There's a good chance you have heard of the open-source AutoML tool TPOT, aka your data science assistant. In any event, exploring AutoML and the knobs of machine learning optimization can make more sense when those knobs are visible and easily adjustable. In this article, we will implement a version of the TPOT example as a Streamlit app.

If you don't know about Streamlit, this is the 30,000-foot overview:

Streamlit turns data scripts into shareable web apps in minutes. All in Python. All for free. No front‑end experience required.**

Overview

Along with getting a quick intro on implementing Streamlit projects, you will end up with a sandbox web app allowing for pipeline optimization experiments with TPOT using a pair of well-known datasets. With a few modifications, you should also be able to get the sandbox running with other datasets and expand the functionality to include more knobs as well. In a nutshell, we are creating a script to automate the optimization of preprocessing and modeling — including a limited number of preprocessing transformations as well as algorithm selection — of a classification task on the iris and digits datasets. Sure, boring datasets, but using well-known data to set the app up isn't a bad idea.

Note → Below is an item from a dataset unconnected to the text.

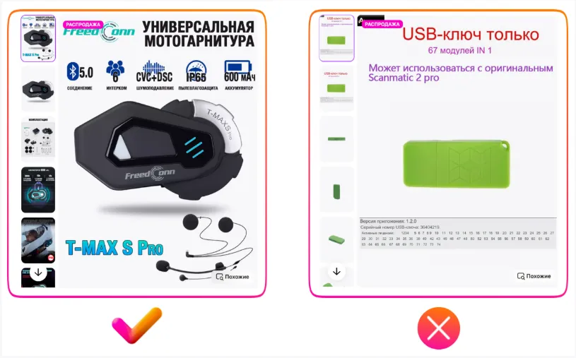 在上方右侧的反例中,商品图片未针对俄语用户做本地化处理,文字采用中英混合形式,商品名称与关键信息标注为英文,这样会影响买家理解,甚至造成反感。

Some points of note about what this optimization process entails, beyond the above, include:

Cross-validation for model evaluation Iterating on the modeling more than once (due to the use of genetic algorithms internally for TPOT) — likely not useful on such a small dataset, but possibly will be as we progress Comparing resulting pipelines on these multiple iterations — are they all the same? Did you know TPOT now uses PyTorch under the hood to build neural networks for prediction? That last point won't factor into what we're doing today, but keep it in mind for future adventures.

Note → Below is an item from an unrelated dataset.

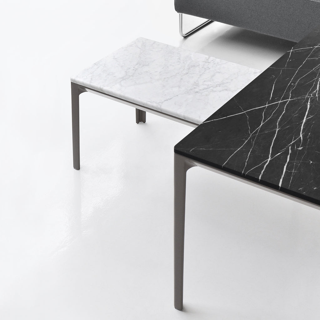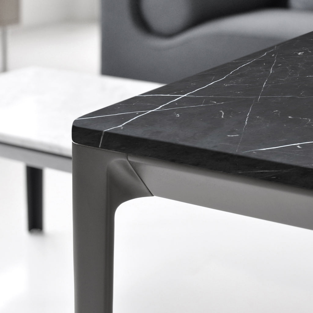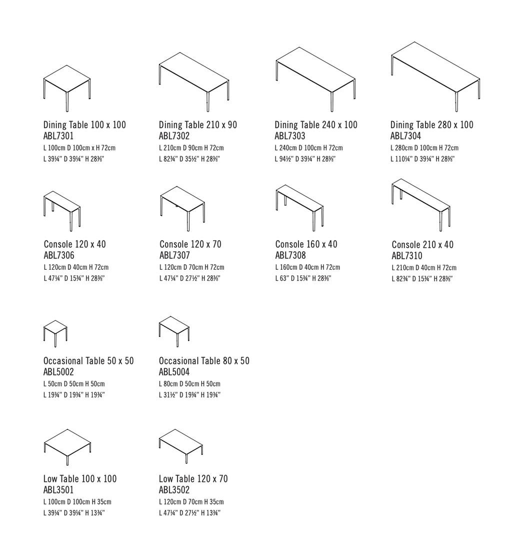 The tables offer a variety of solutions in size, and materials by using cast aluminium legs and aluminium rails to support tops in wood, marble and Polaris. The versatility takes the Ables anywhere in the home - dining, living, bedrooms, and eventually outdoors..

Let's look at the code needed to create this simple Streamlit app.

The Code

import streamlit as st

import timeit
import pandas as pd
import matplotlib.pyplot as plt

from tpot import TPOTClassifier
from sklearn.model_selection import StratifiedKFold
from sklearn.model_selection import train_test_split
from sklearn.datasets import load_digits, load_iris
from sklearn import metrics
from stqdm import stqdm

The final import, stqdm, is a tqdm-style progress bar written specifically to work with Streamlit.

Next, here's the data loader function:

@st.cache
def load_data(dataset, train_size, test_size, random_state):
    """Load data"""
    ds = ''
    if dataset == 'digits':
        ds = load_digits()
        df = load_digits(as_frame=True)
    if dataset == 'iris':
        ds = load_iris()
        df = load_iris(as_frame=True)
    X_train, X_test, y_train, y_test = train_test_split(ds.data, ds.target, train_size=train_size, test_size=test_size, random_state=random_state)
    return X_train, X_test, y_train, y_test, df['frame']

We use the load_iris() and load_digits() functions from Scikit-learn (with which TPOT integrates closely) to pull the respective datasets. Note that they are split into train and test sets here, and train/test features/labels are all returned separately, along with a full dataset dataframe to be used for presentation to the user, as it looks much nicer, especially when presented by Streamlit (Streamlit is able to interpret and properly display a wide range of objects using its write() method). There are other ways to accomplish this, but this was simple and not a problem for such small datasets. Note the @st.cache decorator which caches the results of the function for future runs of the app, instead of reloading the data every time.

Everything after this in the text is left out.